The claim in the title seems very plausible since the characteristic function "characterizes" or determines the distribution of $X$, but I don't know how to derive it. There is a similar result for the characteristic functions of two Random variables, eg here, but I'm not sure if it could be deduced from that.
Any help would be appreciated!
On
Reading my own post one year later I would supply the following answer.
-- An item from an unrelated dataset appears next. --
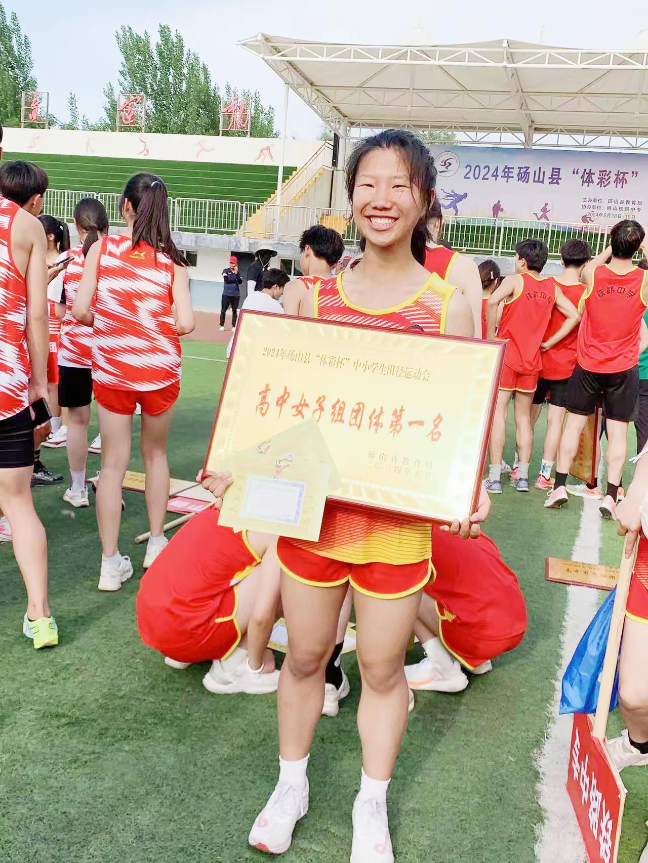 青春谱写精彩,汗水铸就辉煌。2024518---19日,由县教育局主办的2024年砀山县“体彩杯”中小学田径运动会在砀山铁路学校田径场成功举办。经过紧张激烈的角逐,砀山铁路中学高中部代表队喜获佳绩,荣获高中组男女团体总分第一名,女子团体总分第一名、男子团体总分第二名的好成绩。同时,张帅、郑超老师分别获得县优秀教练员称号。高二(6)班甄珈傲同学荣获高中男子组100米第一名,并打破了县田径运动会高中男子组100米记录(成绩10.76秒);高二(17)班曹梦同学荣获高中女子组跳远第二名,并打破县田径运动会高中女子组跳远记录(成绩4.85米);高二(18)班朱梓烨同学荣获高中男子组跳高第一名,并打破了县田径运动会高中男子组跳高记录(成绩1.69米);高二(18)班李梦柳同学荣获高中女子组400米第一名;高二(13)班焦宝印同学荣获高中男子组800米第一名;高二(11)班张佳梦同学、高二(15)班陶薇同学包揽高中女子组800米第一名和第二名;高二(19)班张子怡同学荣获高中女子组3000米第一名;高二(9)班吴姗妮同学荣获高中女子组3000米第三名;高二(14)班孙佳乐同学荣获高中男子组1500米第三名;在4×100米接力比赛中:高二(8)班秦军营、高二(13)班焦宝印、王殿尧、高二(6)班甄珈傲4名同学荣获男子组第三名;高二(17)班曹梦、高二(11)班张佳梦、高二(18)班李梦柳、高二(15)班陶薇4名同学荣获女子组第一名。

From Kac's theorem, to prove independence of $X $ and $1_F $ it would be sufficient to prove that for any $s,t \in \mathbb R^d $ we have that
$$E[e^{i \langle (X, 1_F), (s,t) \rangle}]= E[e^{i \langle X , s \rangle } ]E[e^{i \langle 1_F , t \rangle } ] $$
But since $e^{i \langle 1_F , t \rangle } = 1_{F^C } + 1_F e^{i\sum_{i=1} ^d t_i} $ and $e^{i \langle (X, 1_F), (s,t) \rangle}= 1_{F^C } e^{i \langle X, s \rangle} + 1_F e^{i \langle X, s \rangle}e^{i\sum_{i=1} ^d t_i} $ - from the fact that expectation is additive and we may "move out" constants proving the condition in the title of the question would be sufficient.
If $Z$ is any bounded function measurable with respect to $\mathcal F$ then $Z$ is a uniform limit of simple functions measurable with respect to $\mathcal F$. From this it follows that $Ee^{i\langle x, X \rangle } e^{i\langle y, Y \rangle } =Ee^{i\langle x, X \rangle } Ee^{i\langle y, Y \rangle}$ for all $x,y$ and for all $\mathcal F$ measurable random variable $Y$. It follows that $X$ is independent of $Y$ for all $\mathcal F$ measurable random variable $Y$.